(TASK GOAL): Below are several records. Retype exactly those lines running from the one with "The Beyonder reminds" through the one with "kujitegemea kwenye makazi", end lines included, and no others.

(LISTED ENTRIES):
━━━━━━━━━━━━━━━━━━━━━━━━━━━━━━
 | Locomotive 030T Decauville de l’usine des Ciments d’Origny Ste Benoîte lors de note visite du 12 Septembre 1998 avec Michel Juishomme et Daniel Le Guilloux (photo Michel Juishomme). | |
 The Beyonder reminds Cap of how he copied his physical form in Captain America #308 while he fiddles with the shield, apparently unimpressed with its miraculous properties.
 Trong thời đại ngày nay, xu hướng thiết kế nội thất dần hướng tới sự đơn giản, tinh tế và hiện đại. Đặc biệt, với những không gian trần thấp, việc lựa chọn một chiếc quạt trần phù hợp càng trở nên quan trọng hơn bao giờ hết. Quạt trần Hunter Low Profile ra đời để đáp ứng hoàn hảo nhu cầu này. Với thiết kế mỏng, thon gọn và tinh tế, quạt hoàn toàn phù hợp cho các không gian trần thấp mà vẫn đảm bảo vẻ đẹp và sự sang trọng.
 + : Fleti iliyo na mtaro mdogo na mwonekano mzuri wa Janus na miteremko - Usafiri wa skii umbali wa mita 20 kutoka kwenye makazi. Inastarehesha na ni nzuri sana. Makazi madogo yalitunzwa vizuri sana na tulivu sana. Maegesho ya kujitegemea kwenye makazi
━━━━━━━━━━━━━━━━━━━━━━━━━━━━━━
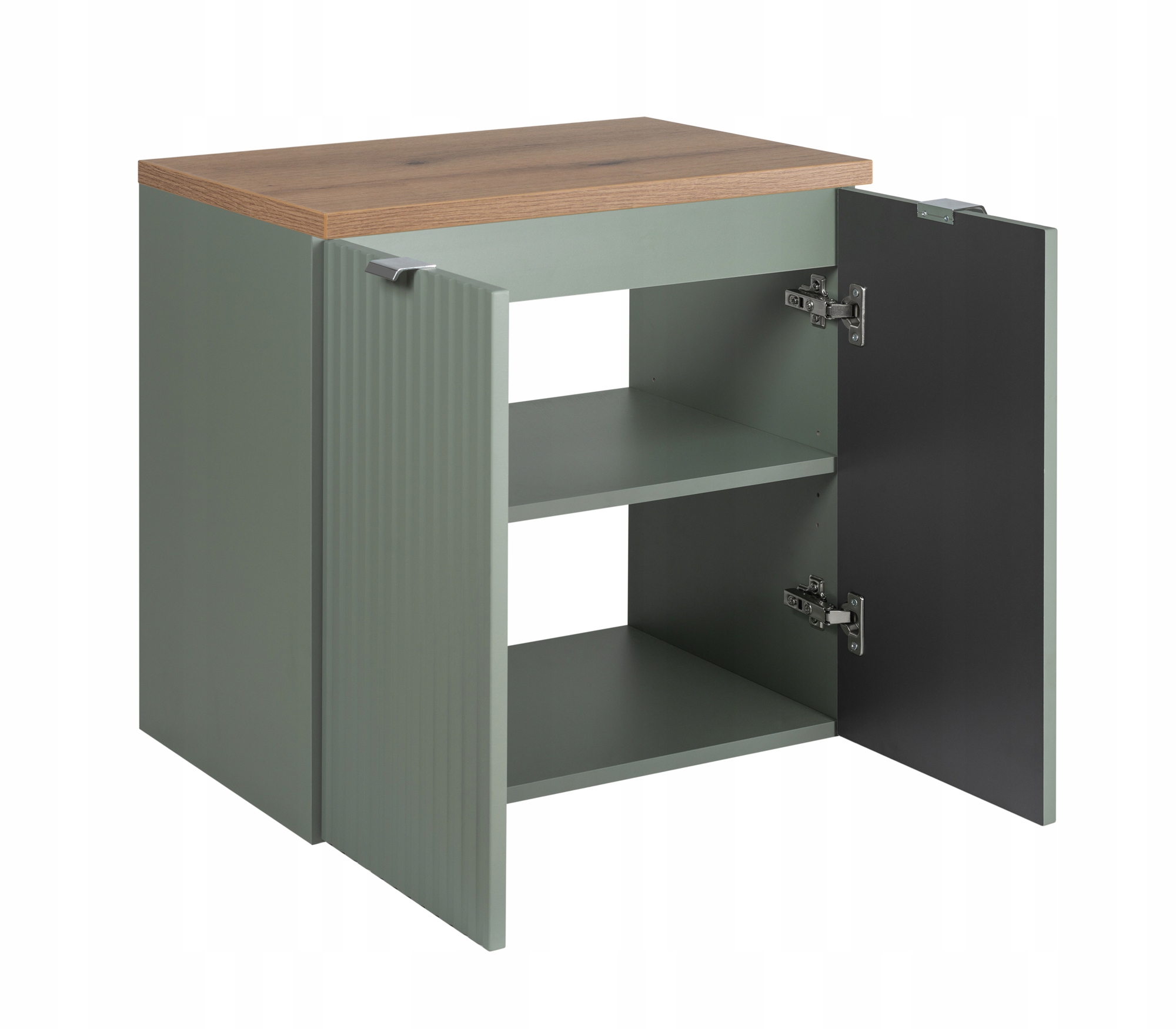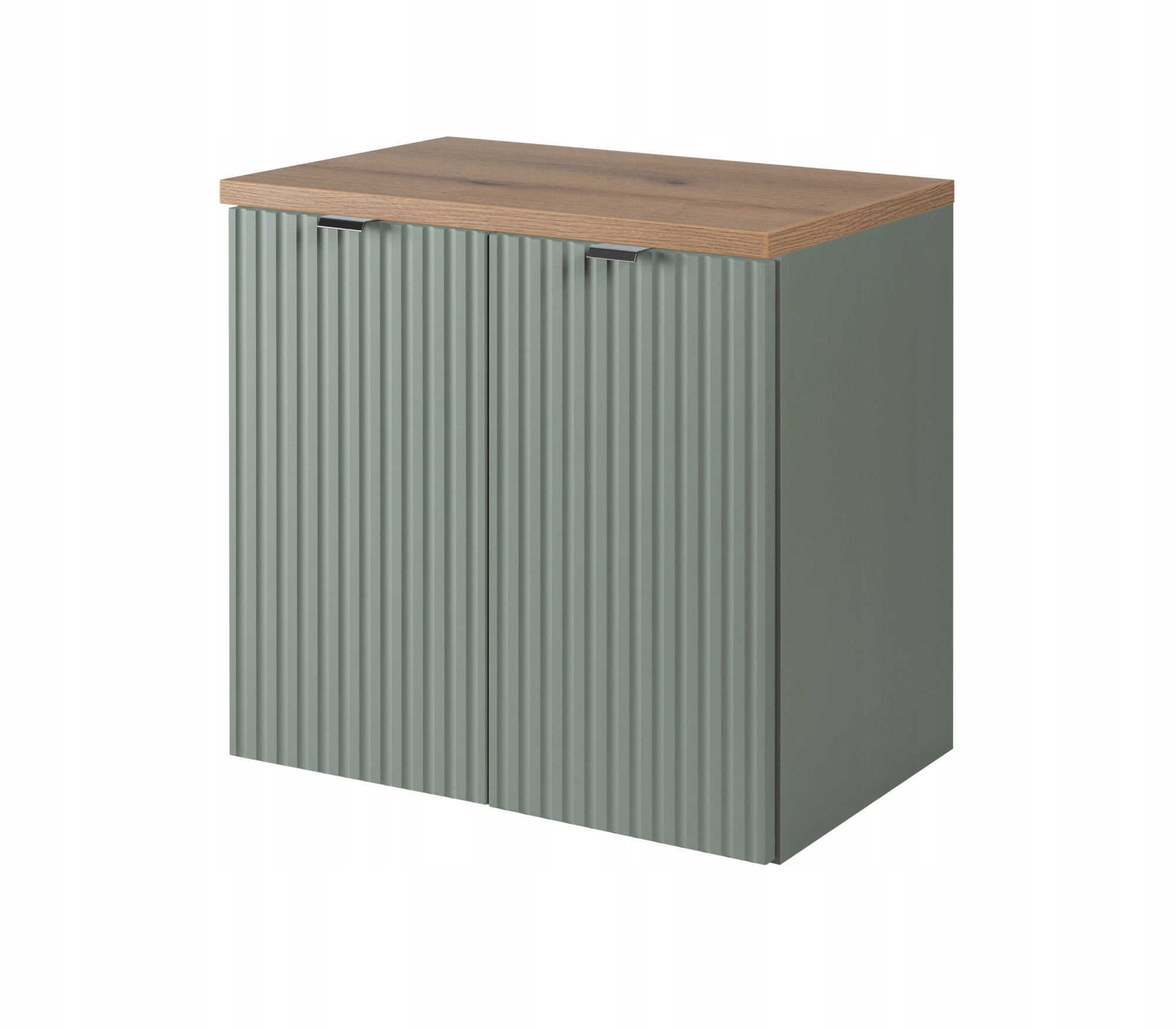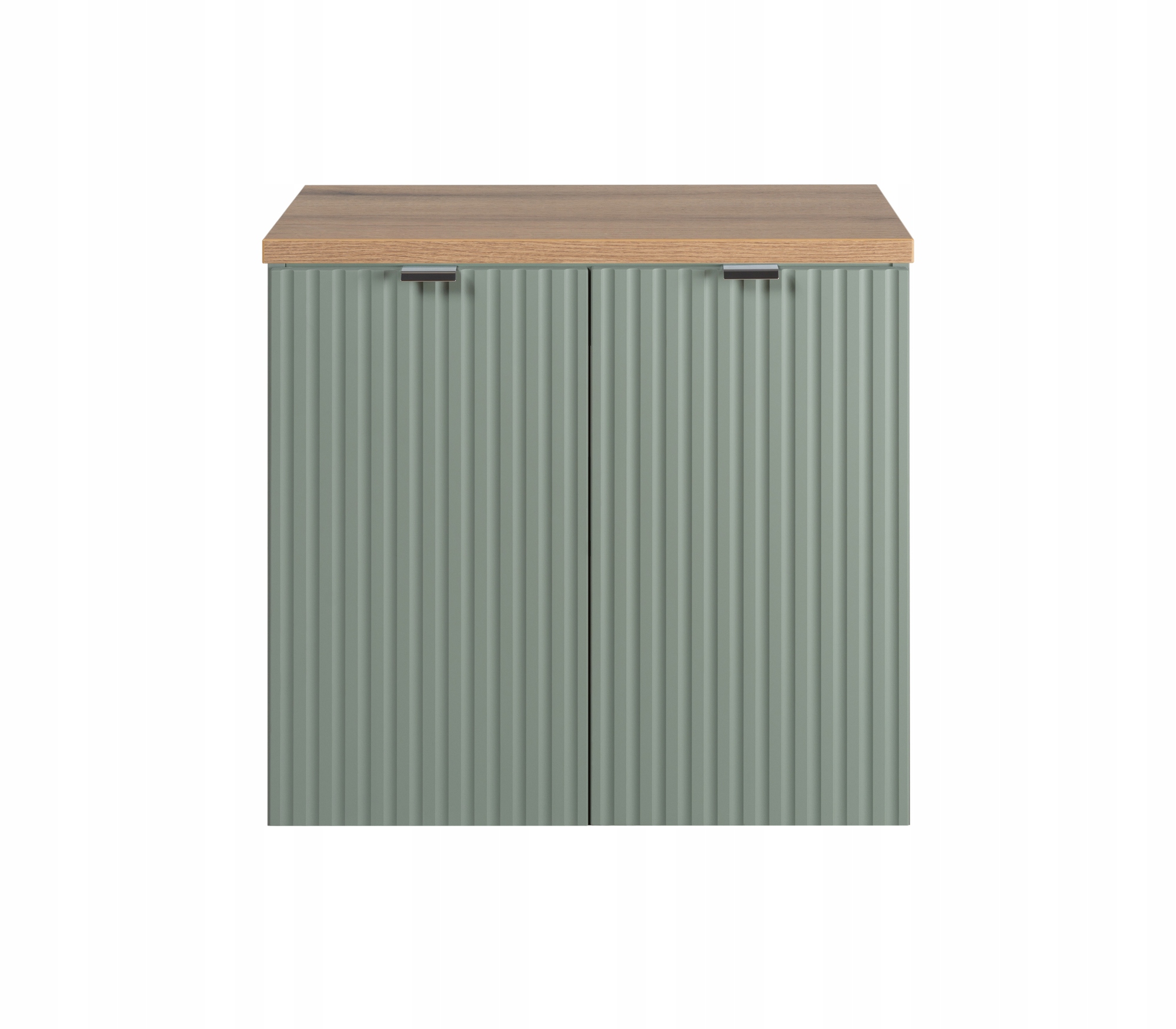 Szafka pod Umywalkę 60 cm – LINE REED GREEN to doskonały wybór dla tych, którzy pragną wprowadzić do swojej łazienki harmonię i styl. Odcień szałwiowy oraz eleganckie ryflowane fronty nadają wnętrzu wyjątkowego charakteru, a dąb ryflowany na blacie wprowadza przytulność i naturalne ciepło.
━━━━━━━━━━━━━━━━━━━━━━━━━━━━━━
(SOLUTION FOR THIS PROBLEM):
 The Beyonder reminds Cap of how he copied his physical form in Captain America #308 while he fiddles with the shield, apparently unimpressed with its miraculous properties.
 Trong thời đại ngày nay, xu hướng thiết kế nội thất dần hướng tới sự đơn giản, tinh tế và hiện đại. Đặc biệt, với những không gian trần thấp, việc lựa chọn một chiếc quạt trần phù hợp càng trở nên quan trọng hơn bao giờ hết. Quạt trần Hunter Low Profile ra đời để đáp ứng hoàn hảo nhu cầu này. Với thiết kế mỏng, thon gọn và tinh tế, quạt hoàn toàn phù hợp cho các không gian trần thấp mà vẫn đảm bảo vẻ đẹp và sự sang trọng.
 + : Fleti iliyo na mtaro mdogo na mwonekano mzuri wa Janus na miteremko - Usafiri wa skii umbali wa mita 20 kutoka kwenye makazi. Inastarehesha na ni nzuri sana. Makazi madogo yalitunzwa vizuri sana na tulivu sana. Maegesho ya kujitegemea kwenye makazi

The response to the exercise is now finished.